U.N. World Food Programme Executive Director Josette Sheeran and Australia's minister foreign affairs Kevin Rudd addresses a news conference in Kenya
U.N. World Food Programme Executive Director Josette Sheeran and Australia's Minister of Foreign Affairs Kevin Rudd address a news conference in Kenya. Reuters

The United Nations said it will commence airlifting food to famine-stricken Somalia on Tuesday.

According to the Executive Director of the U.N. World Food Program Josette Sheeran, this will represent the first food aid mission to Somalia since the U.N. declared two weeks ago that two regions of the East African country are in the throes of a famine.

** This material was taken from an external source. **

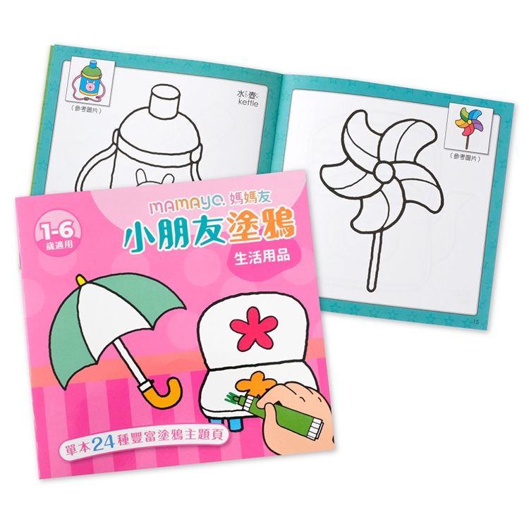 全系列12本共超過280款插圖,並在內容結合注音/英文等,讓小朋友邊玩邊畫邊學習
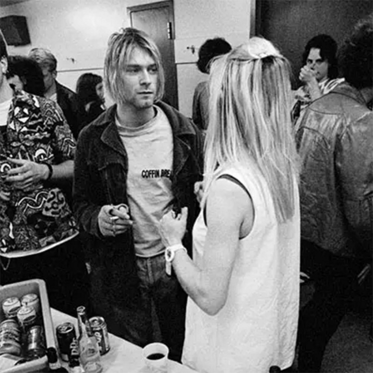“(Kurt)正在和Sonic Youth的Kim Gorden聊天。他们演完了,所有人都在更衣室。我们先拍了个合照,Sonic Youth和Nirvana的所有成员还有几个比赛获胜的人。之后,我开始在人们说话时抓拍。我发现Kurt和Kim说话时简直像个追星族,(虽然)我确定他们之前巡演时见过。那是‘Nevermind’还没发行的时候。”

At an emergency U.N. meeting in Rome, Somalia’s Foreign Minister Mohamed Ibrahim said that more than 3.5 million people in his country are at risk of starving to death.

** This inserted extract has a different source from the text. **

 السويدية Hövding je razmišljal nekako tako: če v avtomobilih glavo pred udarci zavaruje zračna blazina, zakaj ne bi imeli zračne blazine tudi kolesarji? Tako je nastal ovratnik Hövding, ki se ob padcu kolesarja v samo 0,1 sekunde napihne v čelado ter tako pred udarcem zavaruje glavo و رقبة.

The tragedy is further complicated by the presence of Islamist insurgents like Al-Shabab who control much of Somalia and who have banned foreign aid groups, including the U.N., from their areas. It is in areas they control where the famine is apparently at its worst.

Sheeran explained that food supplies will be airlifted to the capitol Mogadishu, which is partially controlled by a fragile interim government – that is, in turn, supported by an African Union peacekeeping force.

Sheeran also attended the Rome meeting after having toured through refugee camps in Kenya, which have seen a huge influx of Somalis fleeing starvation in their homeland.

"What we saw is children who are arriving so weak that many of them are in stage four malnutrition and have little chance - less than 40 percent chance - of making it," she told media.

"This is about saving lives now. It's not about politics, it's not about anything but humanity standing together to save lives."

Earlier, the French Agriculture Minister Bruno Le Maire said the world had "failed to ensure food security".

"If we don't take the necessary measures, famine will be the scandal of this century,” Le Maire told Agence France Presse.

However, John O’Shea the director of the charity Goal, John O'Shea, told the BBC that the U.N.'s response to Somalia woes has made the food crisis even worse.

"We wouldn't have four million Somalis starving if they sent in U.N. peacekeepers," he told the BBC's Focus on Africa.